Only these lines, please: the first one of the records through the one containing "A Justiça já", retyped exactly, both ends included and pictures omitted.

*** Begin section ***

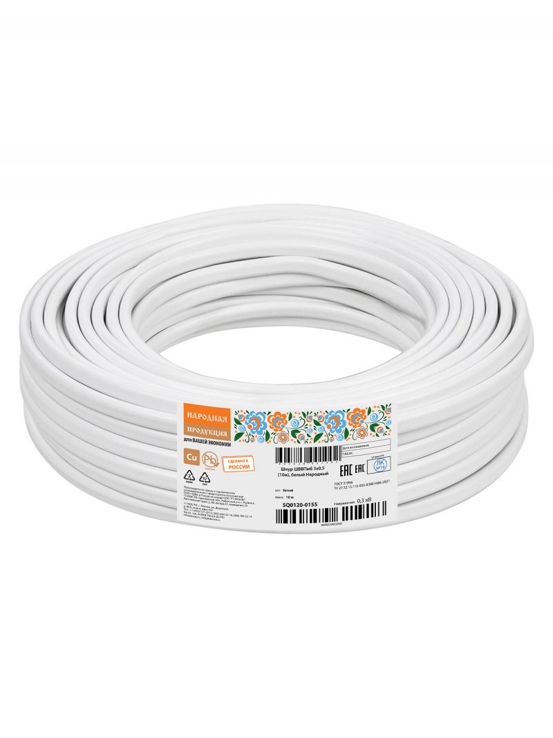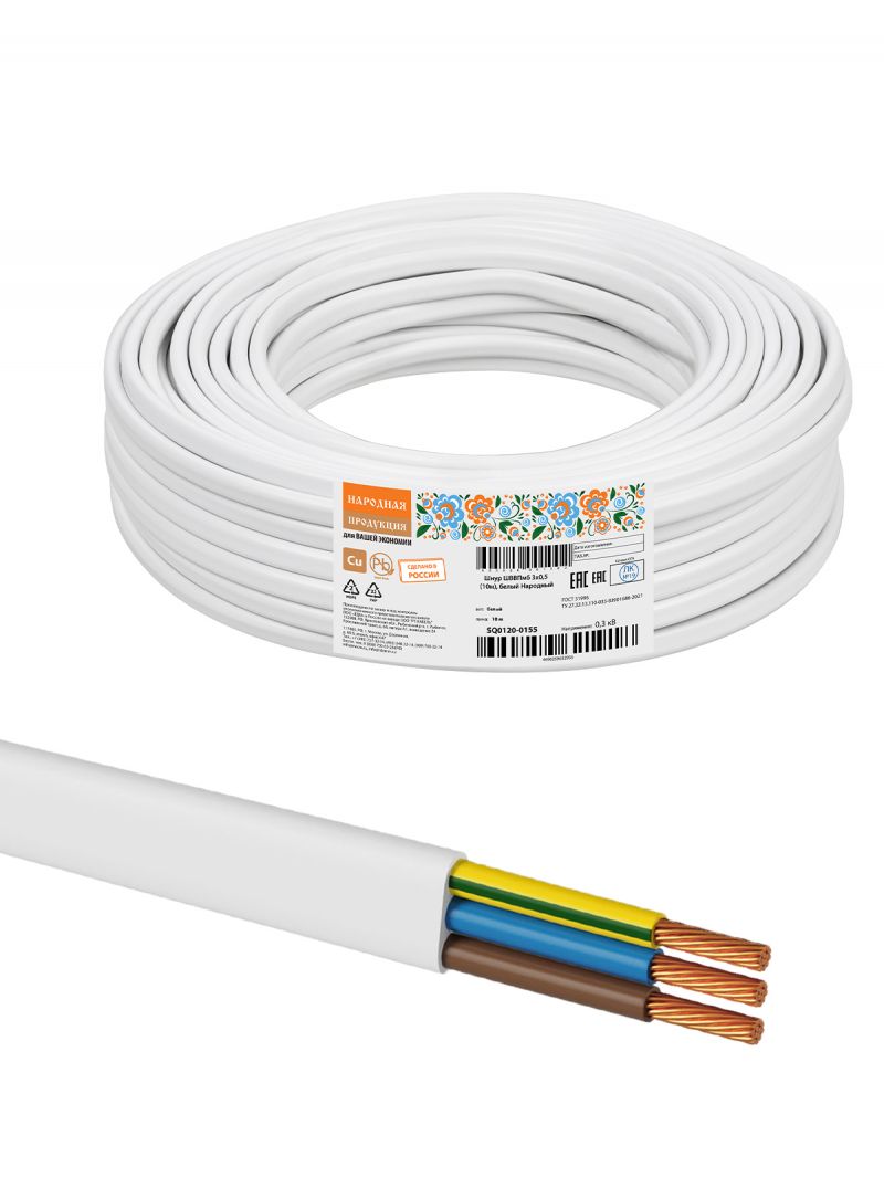 Шнур ШВВПмб 3х0,5 (10м), белый Народный
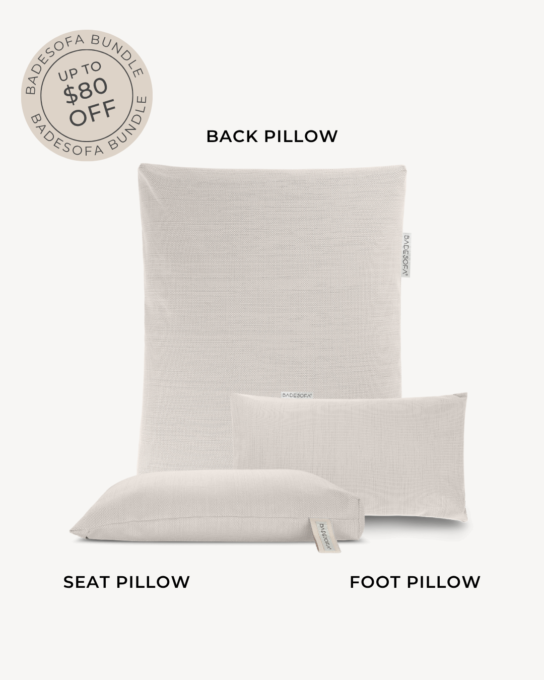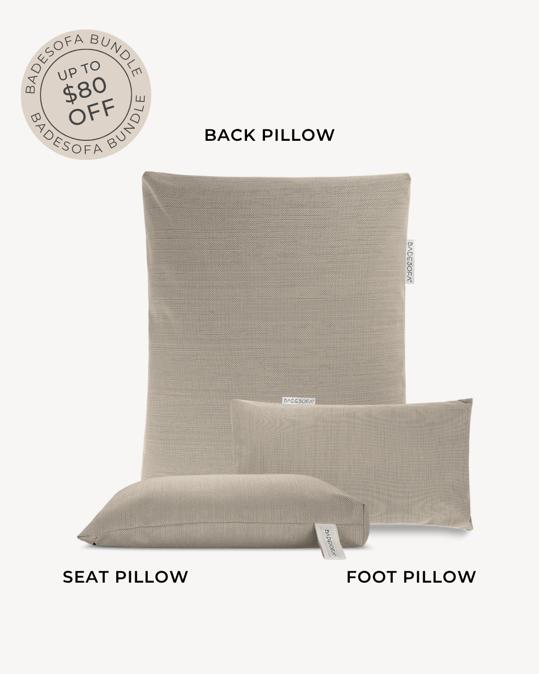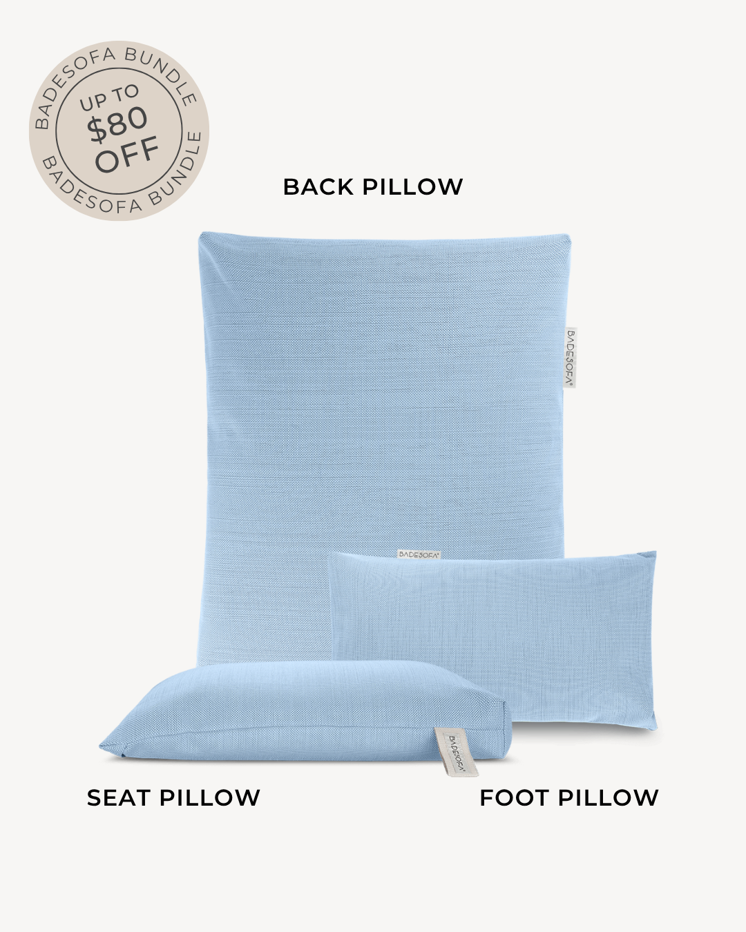 - The Full Bath Sofa Set includes: 1 Back Bath Pillow (Medium or Large), 1 Foot Bath Pillow, and 1 Seat Bath Pillow
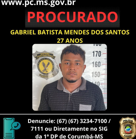 A Justiça já havia expedido mandado de prisão contra Gabriel dos Santos. “Ele está preso, vai prestar depoimento e será encaminhado para o Estabelecimento Penal Masculino”, informou ao Diário Corumbaense o delegado Guilherme Oliveira Pena. A Polícia Civil continua com as investigações.
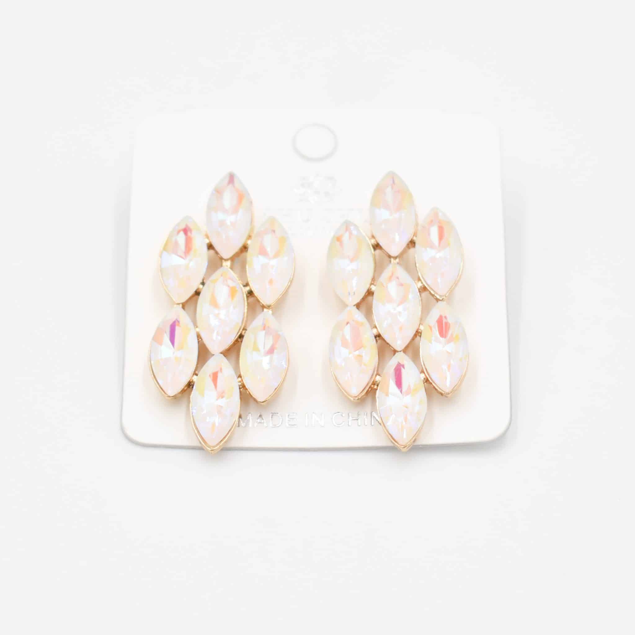 Make an entrance with these dazzling Crystal Bloom Cluster Earrings, featuring radiant marquise-cut gems in a shimmering white opal finish. Their layered petal-inspired design and reflective crystal sheen add a luxurious glow to any outfit, from evening wear to bridal looks. Lightweight yet eye-catching, they’re perfect for modern glam lovers who want to sparkle effortlessly.
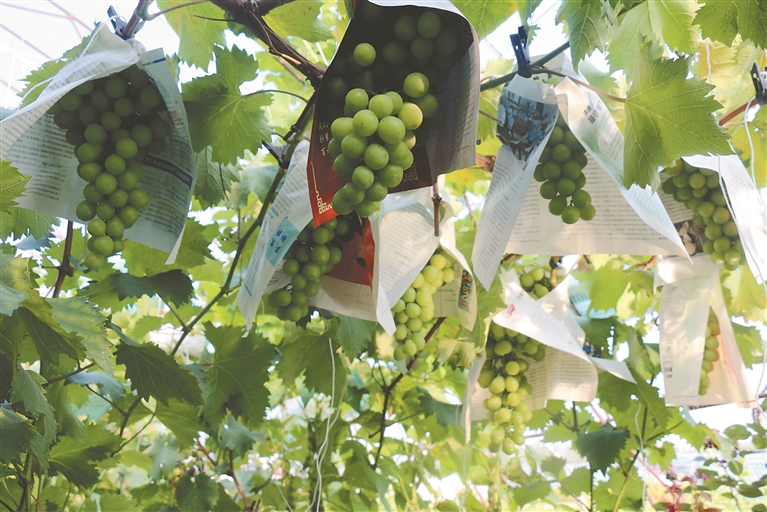 “我種的這個(gè)葡萄品種叫夏黑,外形像乒乓球,口感清脆,較甜,施用農(nóng)家肥做底料,成熟早又耐運(yùn)輸,收購(gòu)商特別喜歡。一畝地產(chǎn)葡萄2000斤以上,除去成本,一個(gè)大棚純收入3萬(wàn)元以上,收入十分可觀?!狈N植戶曹偉勝欣喜地說(shuō)。
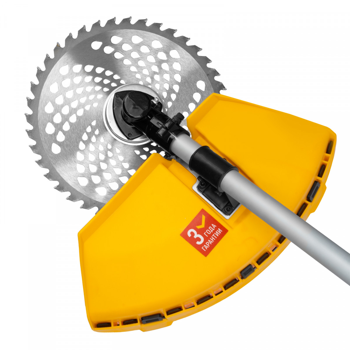 - Автоматическая подрезка лески — нож на кожухе укорачивает концы корда до нужной длины, что предотвращает перегрузку двигателя.
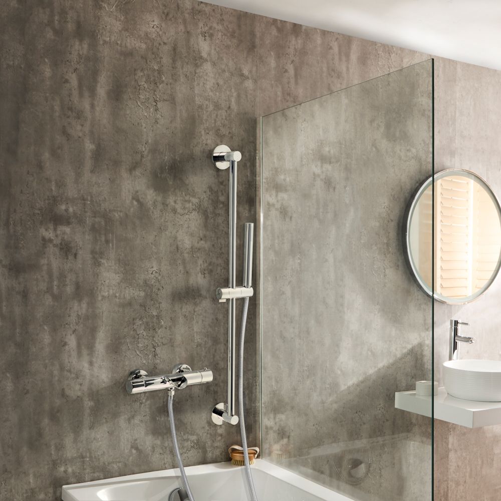The modern Milano Arlo thermostatic bar shower valve with integral bath spout and riser rail kit with hand shower, is perfect for installation over your bath.

*** End section ***

# RESULT FOR THIS EXERCISE
 Шнур ШВВПмб 3х0,5 (10м), белый Народный
 - The Full Bath Sofa Set includes: 1 Back Bath Pillow (Medium or Large), 1 Foot Bath Pillow, and 1 Seat Bath Pillow
 A Justiça já havia expedido mandado de prisão contra Gabriel dos Santos. “Ele está preso, vai prestar depoimento e será encaminhado para o Estabelecimento Penal Masculino”, informou ao Diário Corumbaense o delegado Guilherme Oliveira Pena. A Polícia Civil continua com as investigações.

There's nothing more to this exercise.